A Unidade 8200 é uma parte essencial do aparato militar israelense, inclusive no atual genocídio na Faixa de Gaza. Além de realizar vigilância eletrônica das comunicações, a unidade tem se envolvido na criação de programas gerados por IA para seleção de alvos em Gaza. Ela informa os alvos a operadores humanos para criar o que um ex-oficial de inteligência israelense chamou de “fábrica de assassinato em massa”, algumas vezes aprovando a matança de centenas de civis para atingir um único indivíduo, que supostamente seria comandante do Hamas.
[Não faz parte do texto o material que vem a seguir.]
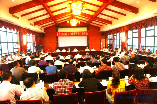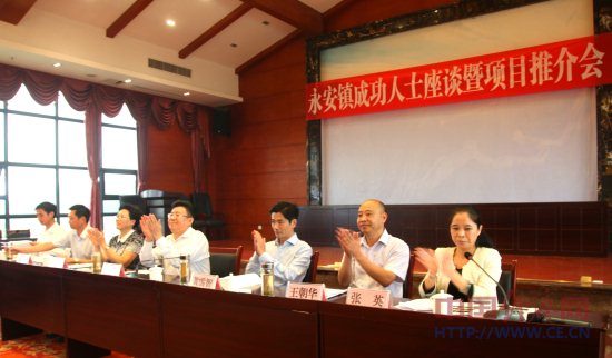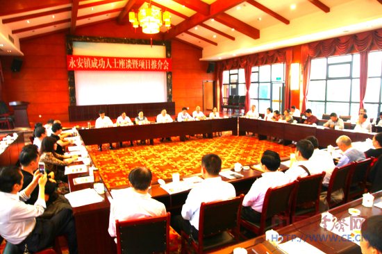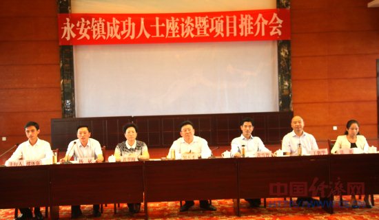 在成功人士座谈暨项目推介会上,永安镇党委书记张英致欢迎辞。永安镇位于内宜高速公路金银湖出口处,地处王(井)舒(坪)路中段,距离市区仅16公里,距离沿滩区政府驻地仅13公里,内宜高速、自隆高速穿境而过,区位、交通优势明显,四通八达的交通十分方便、快捷。永安镇早在汉唐时期就是从益州(今成都)经叙州(今宜宾)、滇西至东南亚诸邦的“南方丝绸之路”上的一个站口,宋元时代已经形成有一定集市规模的驿站。建国后,经过改革开放的发展,永安镇已经成为自贡市著名的经济大镇,文化强镇,农业富镇。尤其是在“十二五”期间,永安镇围绕沿滩区委、区政府的“一大战略、四项重点”的思路和“五个翻番”的目标,突出产业兴镇战略,狠抓城镇基础设施建设、新农村建设、特色农业产业、基础设施四大重点工程,基础设施条件极为改观。形成了花椒、特色水产、甘蔗、花卉苗木、蛋鸡等五大类特色农业。

Além da colaboração com as gigantes da tecnologia para ajudar a executar o genocídio em Gaza, a Unidade 8200 vem desenvolvendo tecnologias de vigilância para monitorar e controlar a população da Cisjordânia, incluindo, mais recentemente, a criação de grandes modelos de linguagem (LLMs) treinados em milhões de conversas de palestinos que vivem sob ocupação israelense no território.

Em seu comunicado de imprensa anunciando a aquisição, a Palo Alto destacou a expectativa de que CyberArk desempenhe um papel no desenvolvimento de sua própria cibersegurança movida a IA e de plataformas de gestão de identidade, e afirmou que a aquisição deve “unir duas líderes da área de segurança com valores semelhantes, culturas fortes, e equipes talentosas”.